Speaker
Dr
Helen Brand
(Australian Synchrotron.)
Description
Jarosites and related minerals are of great interest to a range of mineral processing and research applications. In some industrial settings jarosite formation is encouraged; for example to aid the removal of iron species from solutions in hydrometallurgical processes. There has been a recent resurgence in interest in jarosite minerals since their detection on Mars by the MER rover Opportunity. In this context, the presence of jarosite has been recognised as a likely indicator of the presence of water on Mars in the past. It is hoped that study of their formation mechanisms, stability and thermoelastic properties will provide insight into the environmental history of Mars as well as informing terrestrial industrial concerns. To this end we are engaged in a program to study jarosites, their formation and stability behaviour, over a range of conditions.

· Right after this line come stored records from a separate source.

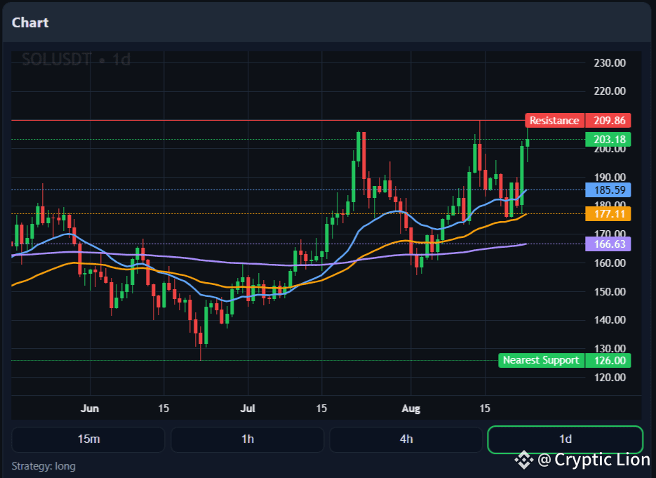 The big picture for SOL remains bullish. The critical daily moving averages are stacked bullishly (20 > 50 > 200), which is a classic sign of a healthy uptrend. This isn’t just a short-term pump; it’s a sustained trend providing solid support. Adding to this, the MACD—a key momentum indicator—is also bullish and has been for some time, confirming that buyers are in control.
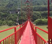 因为抱着娃娃没有爬到大坝的另一边,只看了石门栈道下段的新石门,真正的石门栈道要爬山翻过大坝才能看到。从售票处走到大坝脚下有很长一截路,可以坐小火车,7元每人。这一路上都是一些雕塑和壁画,全是后来修的,讲的是一些三国人物和典故,没什么看头。可以说我们就只走到了大坝脚下,看了看新石门,来的时候没坐火车,回的时候已经走不动了,只能坐火车回去。我就不知道为什么国内的很多景点都一定要留这么一长段路出来,就是为了让游客坐电瓶车?能多收点费用?很无语,景区大门直街就建在大坝底下多好,这样便有力气爬过大坝了。
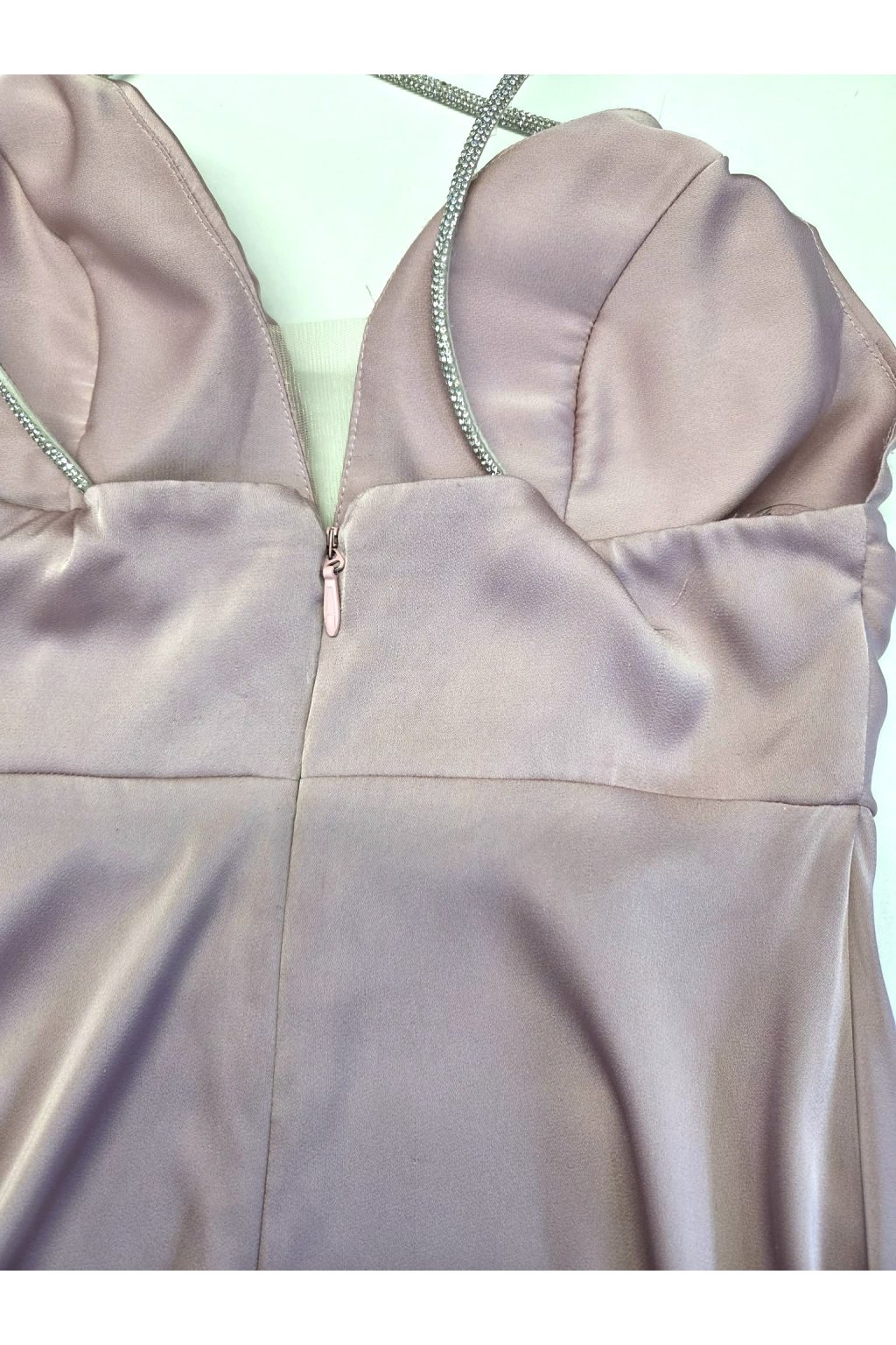 Poškozené zboží - Světle růžové společenské šaty s kamínky
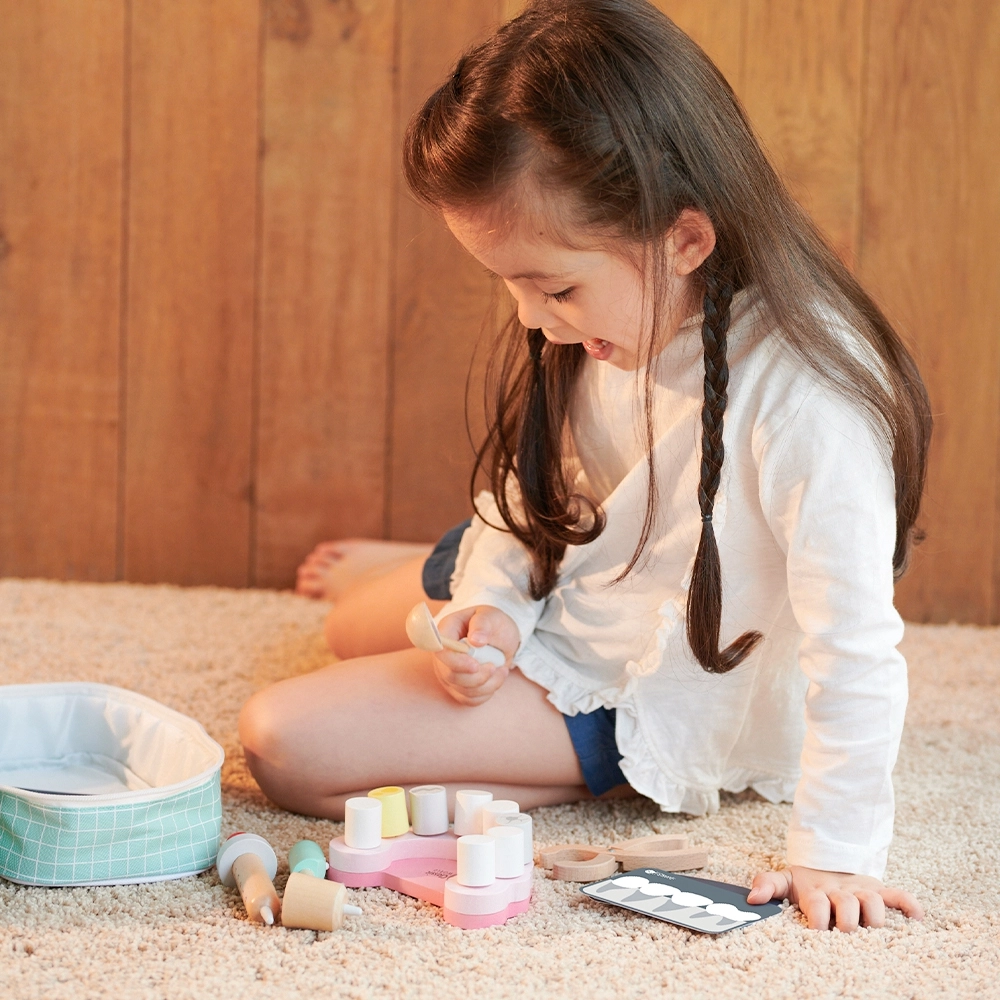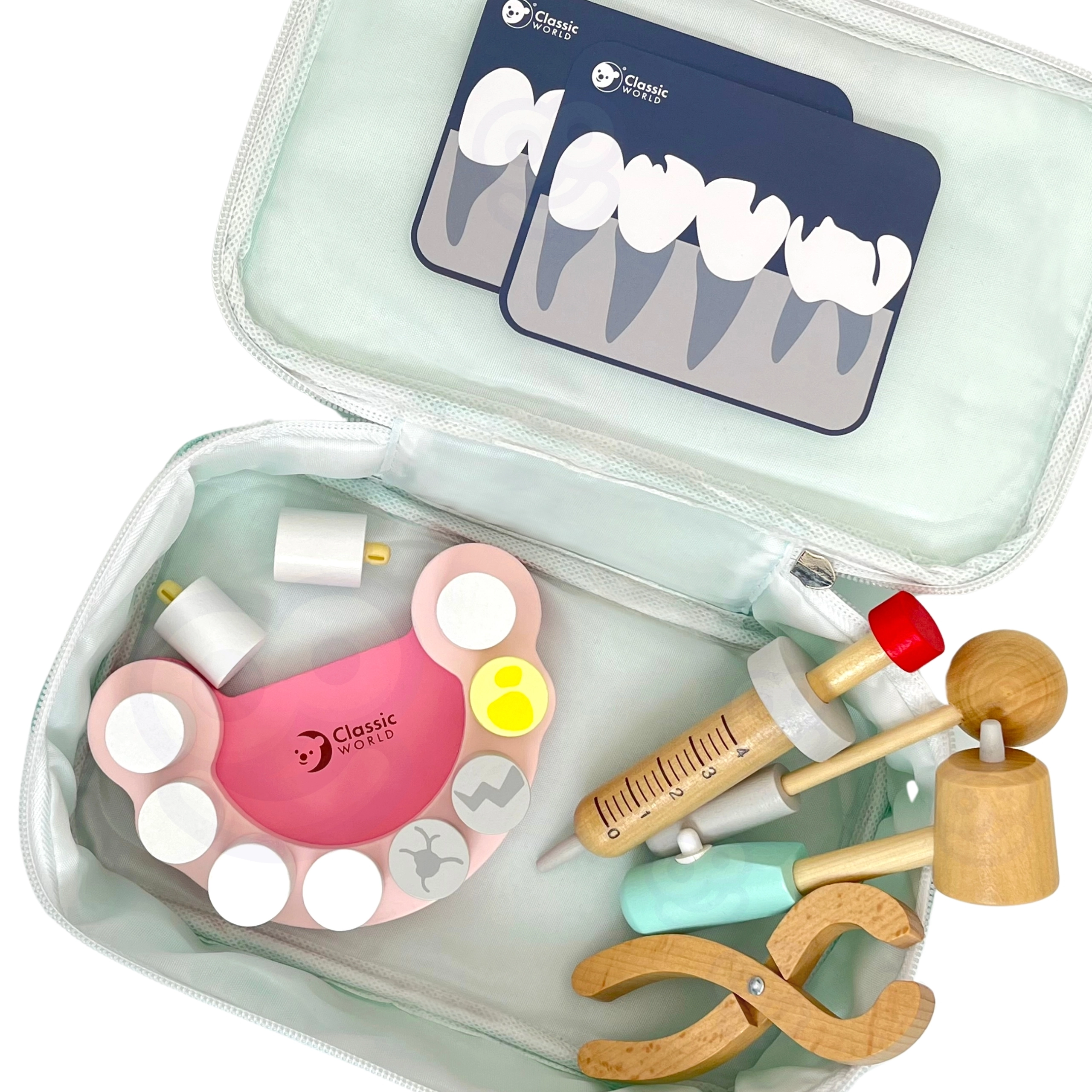 Et tandlægesæt til børn indeholder ofte et lille spejl, sonde, tang, pincet, sprøjte, boremaskine, tandbørste, tandpasta og en model af tænder; ofte følger også en lægekittel eller hue samt en praktisk lægekuffert med. Ergonomiske former til små hænder, uden skarpe kanter og af sikre materialer (træ, plast, tekstil) styrker finmotorikken, kommunikationen og empatien og hjælper med at mindske tandlægeskræk.
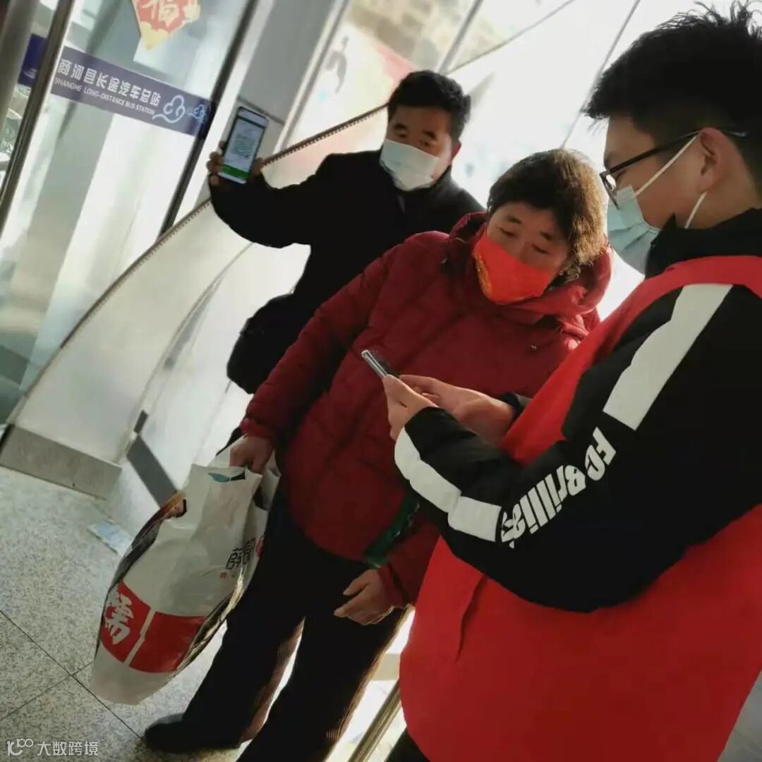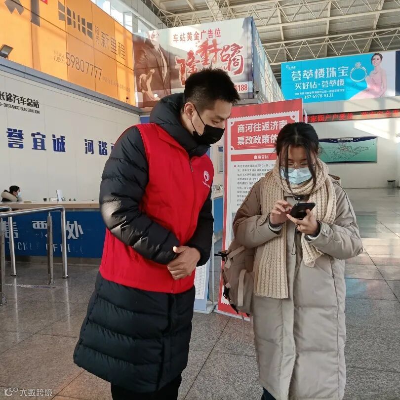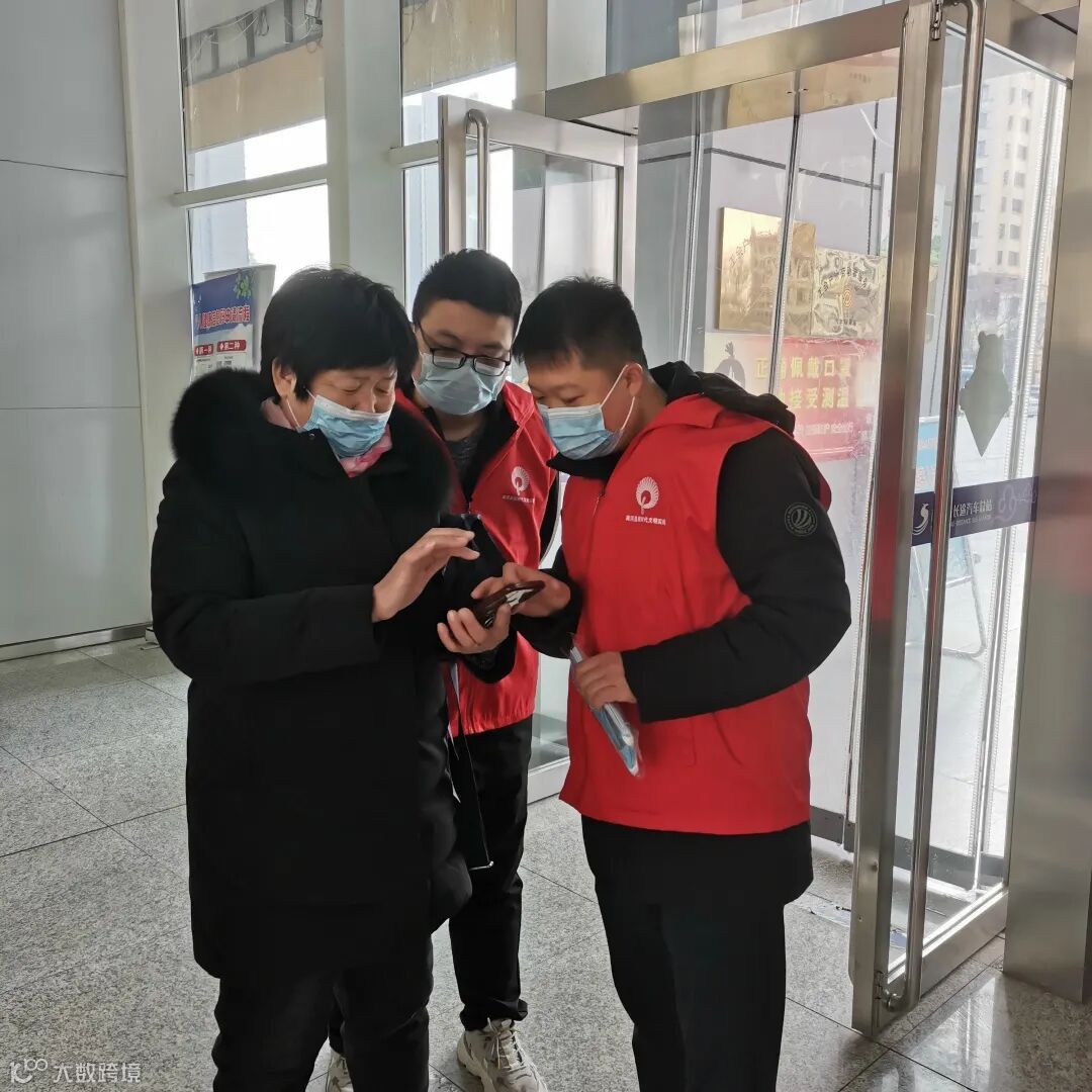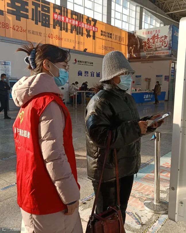 “打开微信,点击右下角【我的】进入【服务】.....”志愿者在进站门口,一边为忘记带口罩的乘客发放口罩,提醒乘客做好防疫,帮助查验体温,一边手把手不厌其烦指导不会操作的乘客查验健康码。对使用老年机的人员,志愿者们引领其用身份证进行实名登记。
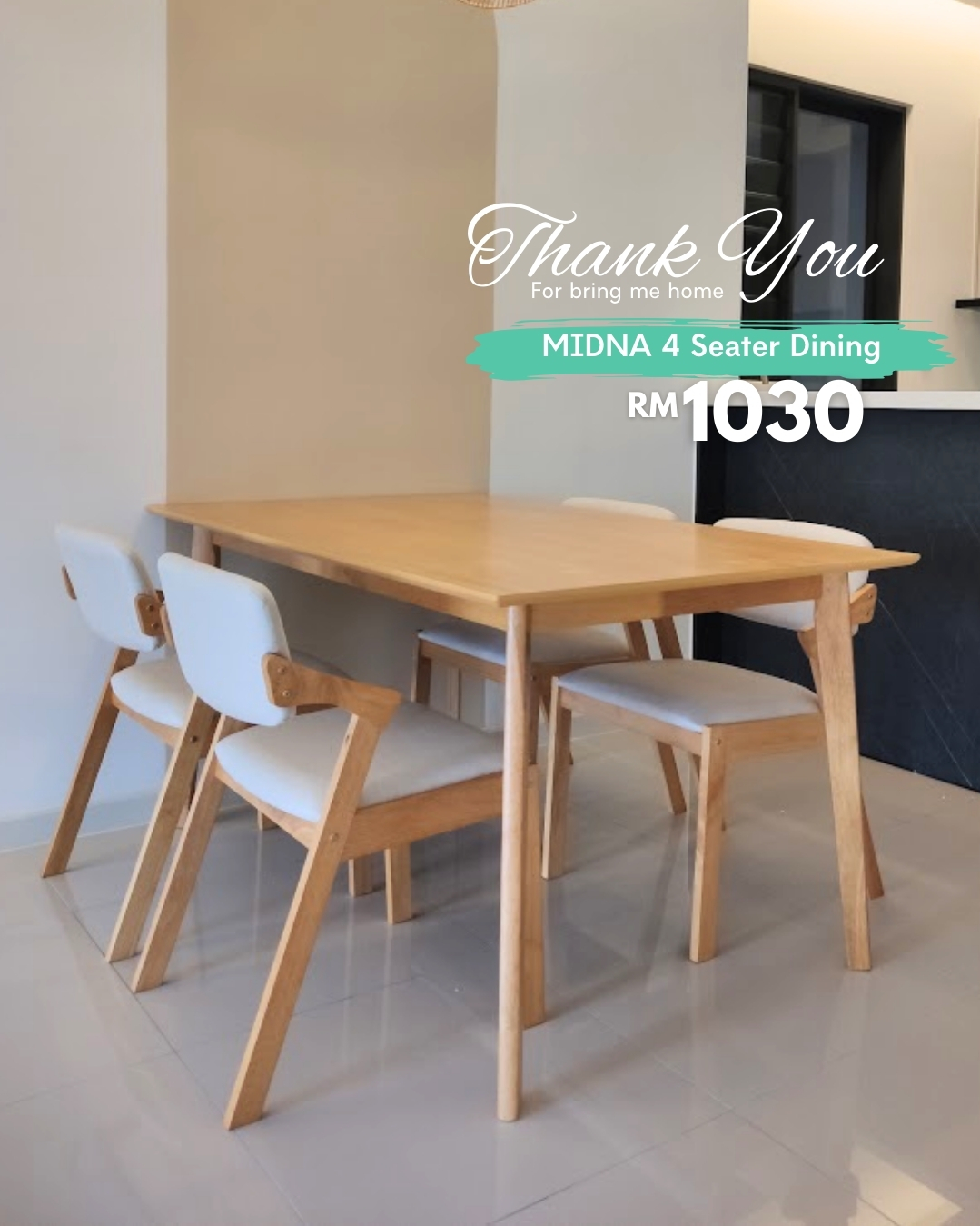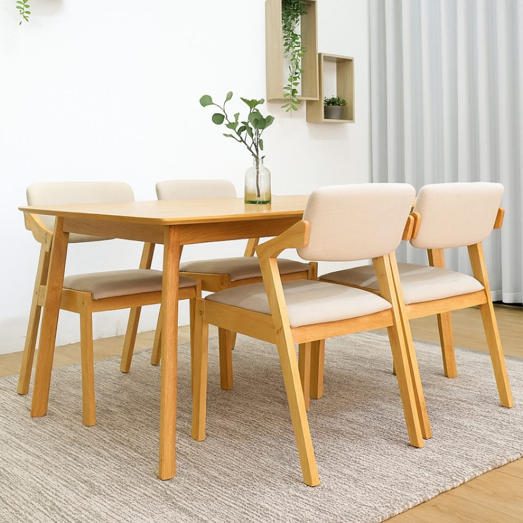 The MIDNA 4-Seater Dining Set blends natural charm with everyday comfort. Featuring a sturdy table and chair frame in a warm natural finish, it fits seamlessly into Japandi or modern interiors. Each chair comes with a soft cushion seat pad and backrest, offering added comfort for family meals and gatherings. A perfect balance of style and function for your dining space.

This contribution describes in situ powder diffraction experiments to determine the thermal expansion of a deuterated natrojarosite. Data were collected on the HRPD beamline at the ISIS spallation source where the natrojarosite sample was heated from 10–700K, and at the powder diffraction beamline at the Australian synchrotron where the sample was heated from 80-700K.
Equations of state have been fitted to the data and the thermal expansion tenor determined. Full structural refinements show that anisotropic expansion of the structure is driven by the hydrogen bonding network. Details of the combined neutron-synchrotron analysis approach will be discussed.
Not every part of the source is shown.